_How to complete this task_
Repeat all entries word for word; skip images.
---------- Supplied material ----------
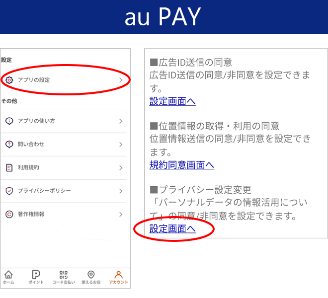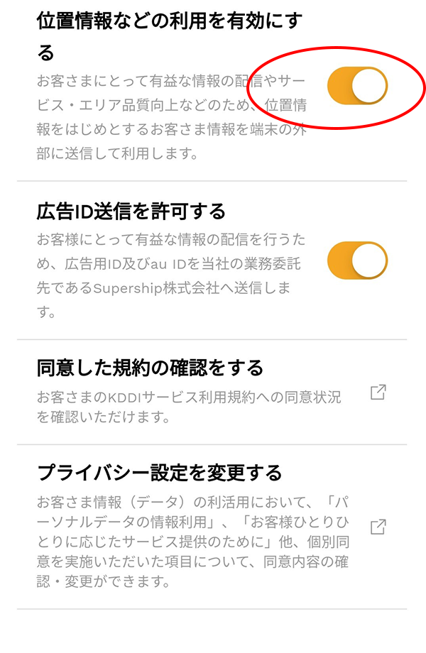 位置情報の提供・活用の停止をご希望されるお客さまは、位置情報毎に設定変更が可能です。
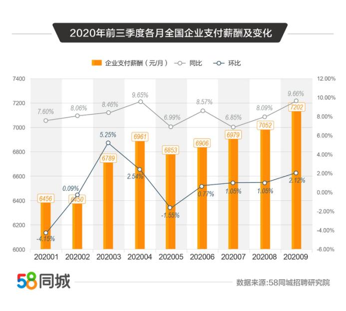 从蓝领的薪资水平来看,2020年前三季度全国企业支付月薪为6948元,相比去年同期增长9.28%。从2月开始,随着复工复产推进,企业招聘需求增长,劳动者工作时间逐渐恢复正常,因此企业支付薪酬也呈现出逐步上升趋势,从2月的6450元,上升到9月的7202元,增幅达到11.66%。
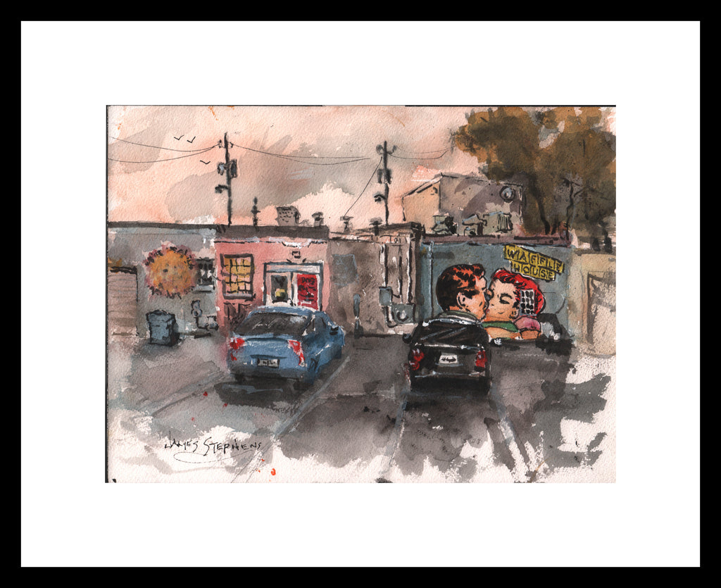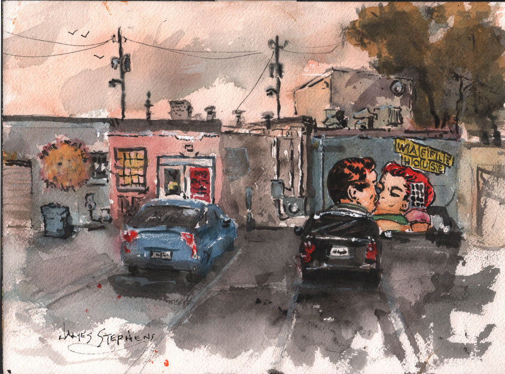 This intriguing image is hidden in a back parking lot in East Atlanta Village. I was fascinated by the wall art that most people would never see, so I stood there among the dumpsters and trash cans and delivery vehicles while I created this plein air painting.
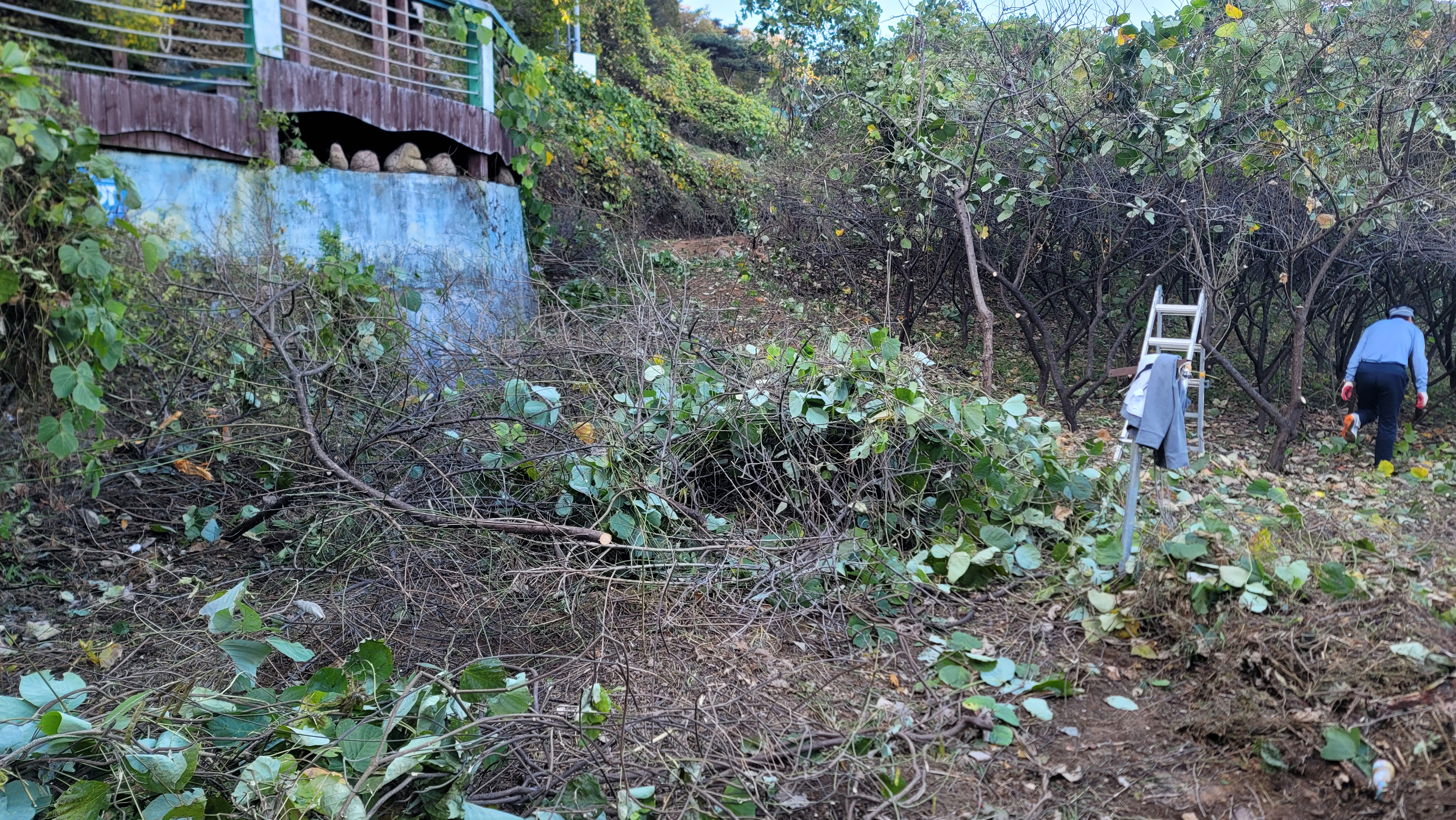3. 매실나무를 덮고 있는 칡넝쿨 제거 및 바닭의 칡뿌리 뇌두 제거(이게 제일 힘들듯...)
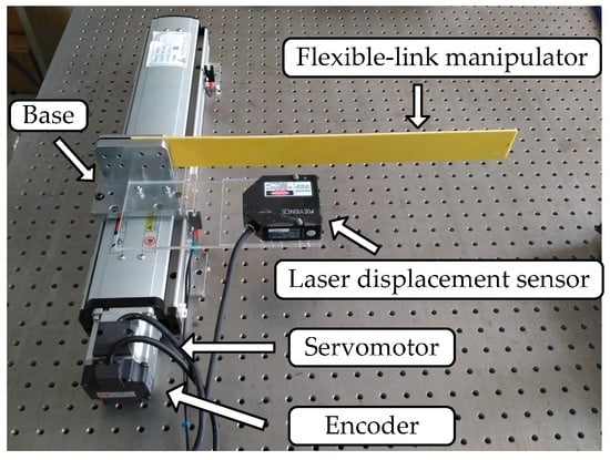 Then, Figure 7 illustrates a photograph of the experimental device for the translational flexible-link manipulator. An epoxy resin plate of 400 mm length, 40 mm width, and 3 mm thickness is seen as a flexible-link manipulator whose vibration displacement is measured by a laser displacement sensor (KEYENCE: LK-G30, Osaka, Honshu, Japan) and the repetitive precision is 0.05 × 10−3 mm. The base of the flexible-link manipulator system is driven by a permanent magnet synchronous AC servomotor (Panasonic: NO. MSMJ022G1U, Osaka, Honshu, Japan) through a ball screw. The displacement of the base is transformed from the motor angle, which is measured by its rotary incremental encoder and the resolution of the encoder is 220. The motion of the servomotor is controlled by a motion control card (GOOGOLTECH: NO: GT-400-SV-PCI, Hong Kong, China). The base motion is set as a point-to-point movement and the speed curve is set as a trapezoidal curve. The specific motion parameters of the base are as follows: the displacement is 200 mm, the maximum velocity is 100 mm/s, and the acceleration is 500 mm/s2.
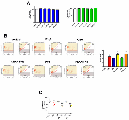 Figure 1. OEA, PEA, and IFNβ treatment effect on SH-SY5Y cell viability. Cells were treated for 24 h with vehicle, OEA, or PEA. Cell viability was then assessed by the MTT assay (A). Cells were pre-treated with OEA and PEA (3 µM–6 h) and then stimulated with IFNβ (5 ng/mL–24 h). The viability was measured by the Muse® Viability kit. Values are reported as the percentage of dead cells and are represented as the mean ± SEM of four experiments. * p < 0.05 versus vehicle and # p < 0.05 versus IFNβ (B). SH-SY5Y cells were pre-treated with OEA and PEA (3 µM–6 h) and then stimulated with IFNβ (5 ng/mL–24 h) and cell viability was assessed by a luminescence assay. The values are expressed as percentage of control (vehicle) and the results are represented as the mean ± SEM of four independent experiments. ** p < 0.01 versus vehicle and ## p < 0.01 versus IFNβ (C).
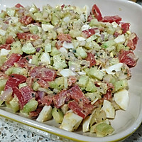 Cucumber, onion, tomato, boiled egg, parsley, basil, butter to taste, black pepper, salt to taste.
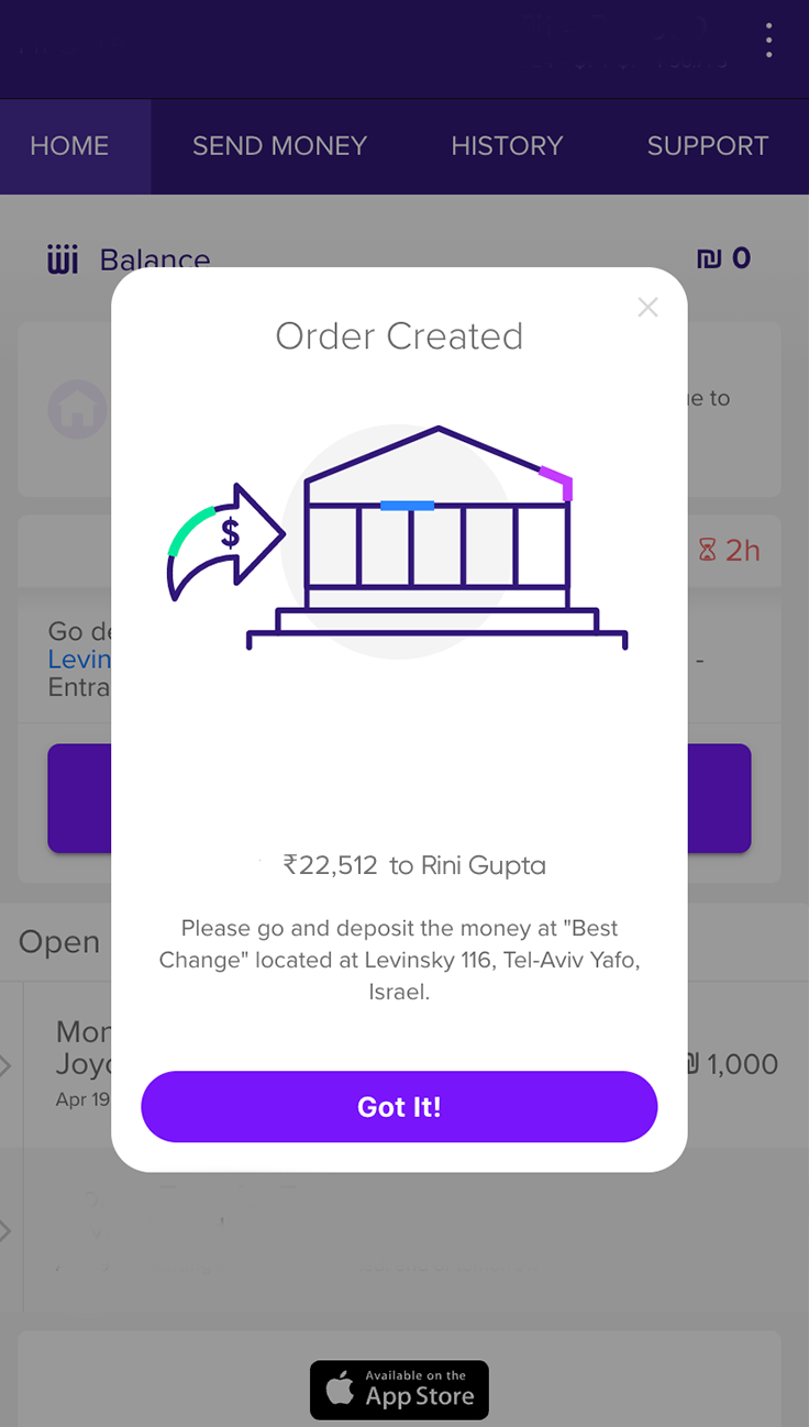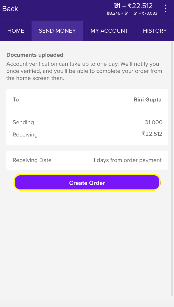 Once on the Send Money tab, enter the amount you want to send (in shekels or in your home country currency) into the calculator. You will see how much you will exactly receive based on today’s rate. Click on Next once you are ready.
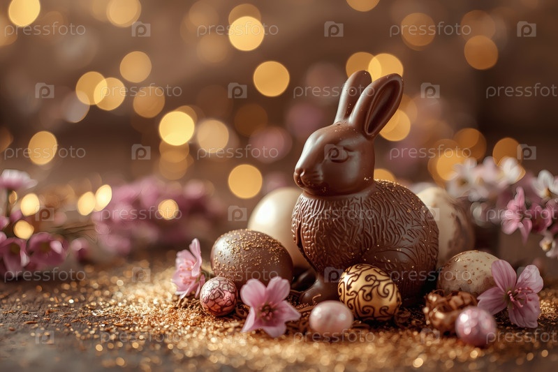 Шоколадное пасхальное яйцо, шоколадный кролик и весенние цветы на деревянном фоне. Пасхальные сладости и лакомства. Концепция яркого праздника Пасхи в 2026 году. Хорошая открытка
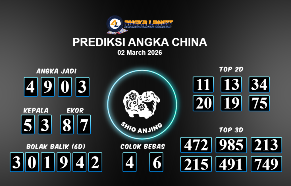 Prediksi ANGKA LANGIT memberikan banyak data akurat untuk togel online, termasuk prediksi China hari ini. Sebelum anda memasang angka 2D jitu untuk China hari ini, sebaiknya luangkan waktu untuk mengunjungi forum prediksi China. Kami akan membagikan informasi tentang China hari ini yang sangat layak untuk dicoba. Bagi Anda yang telah membaca prediksi akurat dari Angka Langit untuk Atlanta hari ini dan merasa sesuai, segera pasang angka tersebut di situs togel online Angkatoto138 dan sudah menjadi tempat bermain Anda selama ini.
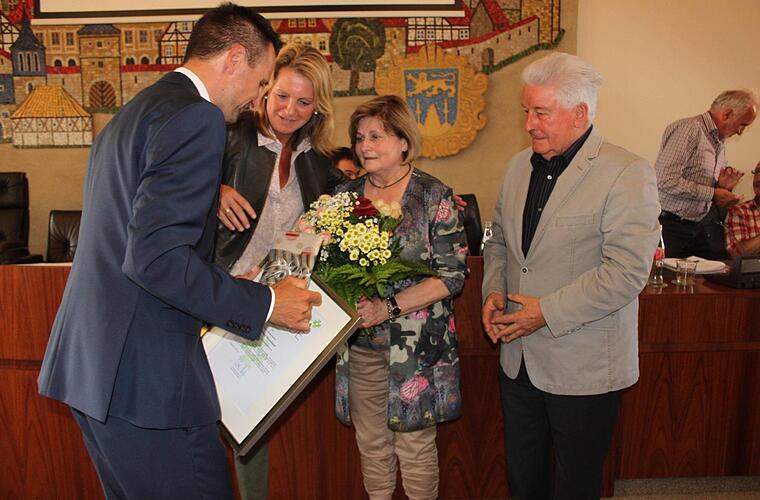Von Freude sprach der Geehrte auch selbst. Es sei eine Freude, in diesem Stadtrat mitzuarbeiten und ein Geschenk, so lange dabei sein zu dürfen. Freilich spüre er das Alter, "speziell in Hüfte und Kniegelenk", sagte er mit einem Schmunzeln, zugleich unterstrich er seine anhaltende Begeisterung für die Aufgaben: "Unser Bürgermeister hat mich noch mal total herumgerissen." Zudem habe er "die beste Sekretärin der Stadt" an seiner Seite, seine Frau Sieglinde habe seine Termine immer mit im Blick. Für sie gab es Blumen und ein Präsent.
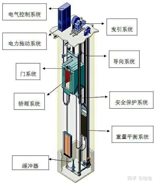 一、曳引系統(tǒng):電梯曳系統(tǒng)的功能是輸出動(dòng)力和傳遞動(dòng)力,驅(qū)動(dòng)電梯運(yùn)行。主要由曳引機(jī),曳引鋼絲繩,導(dǎo)向輪和反繩輪組成。拽引機(jī)為電梯的運(yùn)行提供動(dòng)力,由電動(dòng)機(jī),拽引輪,連軸器,減速箱,和電磁制動(dòng)器組成。拽引鋼絲的兩端分別連轎廂和對(duì)重,依靠鋼絲繩和拽引輪之間的摩擦來驅(qū)動(dòng)轎廂升降。導(dǎo)向輪的作用是分開轎廂和對(duì)重的間距,采用復(fù)繞型還可以增加拽引力。
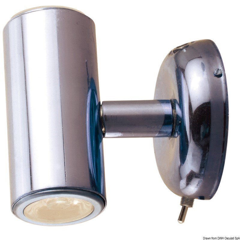 Corpo in acciaio inox. Fissaggio a parete. Luce verso il basso e verso l'alto.
----------
_Result of the task_
 位置情報の提供・活用の停止をご希望されるお客さまは、位置情報毎に設定変更が可能です。
 从蓝领的薪资水平来看,2020年前三季度全国企业支付月薪为6948元,相比去年同期增长9.28%。从2月开始,随着复工复产推进,企业招聘需求增长,劳动者工作时间逐渐恢复正常,因此企业支付薪酬也呈现出逐步上升趋势,从2月的6450元,上升到9月的7202元,增幅达到11.66%。
 This intriguing image is hidden in a back parking lot in East Atlanta Village. I was fascinated by the wall art that most people would never see, so I stood there among the dumpsters and trash cans and delivery vehicles while I created this plein air painting.
3. 매실나무를 덮고 있는 칡넝쿨 제거 및 바닭의 칡뿌리 뇌두 제거(이게 제일 힘들듯...)
 Then, Figure 7 illustrates a photograph of the experimental device for the translational flexible-link manipulator. An epoxy resin plate of 400 mm length, 40 mm width, and 3 mm thickness is seen as a flexible-link manipulator whose vibration displacement is measured by a laser displacement sensor (KEYENCE: LK-G30, Osaka, Honshu, Japan) and the repetitive precision is 0.05 × 10−3 mm. The base of the flexible-link manipulator system is driven by a permanent magnet synchronous AC servomotor (Panasonic: NO. MSMJ022G1U, Osaka, Honshu, Japan) through a ball screw. The displacement of the base is transformed from the motor angle, which is measured by its rotary incremental encoder and the resolution of the encoder is 220. The motion of the servomotor is controlled by a motion control card (GOOGOLTECH: NO: GT-400-SV-PCI, Hong Kong, China). The base motion is set as a point-to-point movement and the speed curve is set as a trapezoidal curve. The specific motion parameters of the base are as follows: the displacement is 200 mm, the maximum velocity is 100 mm/s, and the acceleration is 500 mm/s2.
 Figure 1. OEA, PEA, and IFNβ treatment effect on SH-SY5Y cell viability. Cells were treated for 24 h with vehicle, OEA, or PEA. Cell viability was then assessed by the MTT assay (A). Cells were pre-treated with OEA and PEA (3 µM–6 h) and then stimulated with IFNβ (5 ng/mL–24 h). The viability was measured by the Muse® Viability kit. Values are reported as the percentage of dead cells and are represented as the mean ± SEM of four experiments. * p < 0.05 versus vehicle and # p < 0.05 versus IFNβ (B). SH-SY5Y cells were pre-treated with OEA and PEA (3 µM–6 h) and then stimulated with IFNβ (5 ng/mL–24 h) and cell viability was assessed by a luminescence assay. The values are expressed as percentage of control (vehicle) and the results are represented as the mean ± SEM of four independent experiments. ** p < 0.01 versus vehicle and ## p < 0.01 versus IFNβ (C).
 Cucumber, onion, tomato, boiled egg, parsley, basil, butter to taste, black pepper, salt to taste.
 Once on the Send Money tab, enter the amount you want to send (in shekels or in your home country currency) into the calculator. You will see how much you will exactly receive based on today’s rate. Click on Next once you are ready.
 Шоколадное пасхальное яйцо, шоколадный кролик и весенние цветы на деревянном фоне. Пасхальные сладости и лакомства. Концепция яркого праздника Пасхи в 2026 году. Хорошая открытка
 Prediksi ANGKA LANGIT memberikan banyak data akurat untuk togel online, termasuk prediksi China hari ini. Sebelum anda memasang angka 2D jitu untuk China hari ini, sebaiknya luangkan waktu untuk mengunjungi forum prediksi China. Kami akan membagikan informasi tentang China hari ini yang sangat layak untuk dicoba. Bagi Anda yang telah membaca prediksi akurat dari Angka Langit untuk Atlanta hari ini dan merasa sesuai, segera pasang angka tersebut di situs togel online Angkatoto138 dan sudah menjadi tempat bermain Anda selama ini.
Von Freude sprach der Geehrte auch selbst. Es sei eine Freude, in diesem Stadtrat mitzuarbeiten und ein Geschenk, so lange dabei sein zu dürfen. Freilich spüre er das Alter, "speziell in Hüfte und Kniegelenk", sagte er mit einem Schmunzeln, zugleich unterstrich er seine anhaltende Begeisterung für die Aufgaben: "Unser Bürgermeister hat mich noch mal total herumgerissen." Zudem habe er "die beste Sekretärin der Stadt" an seiner Seite, seine Frau Sieglinde habe seine Termine immer mit im Blick. Für sie gab es Blumen und ein Präsent.
 一、曳引系統(tǒng):電梯曳系統(tǒng)的功能是輸出動(dòng)力和傳遞動(dòng)力,驅(qū)動(dòng)電梯運(yùn)行。主要由曳引機(jī),曳引鋼絲繩,導(dǎo)向輪和反繩輪組成。拽引機(jī)為電梯的運(yùn)行提供動(dòng)力,由電動(dòng)機(jī),拽引輪,連軸器,減速箱,和電磁制動(dòng)器組成。拽引鋼絲的兩端分別連轎廂和對(duì)重,依靠鋼絲繩和拽引輪之間的摩擦來驅(qū)動(dòng)轎廂升降。導(dǎo)向輪的作用是分開轎廂和對(duì)重的間距,采用復(fù)繞型還可以增加拽引力。
 Corpo in acciaio inox. Fissaggio a parete. Luce verso il basso e verso l'alto.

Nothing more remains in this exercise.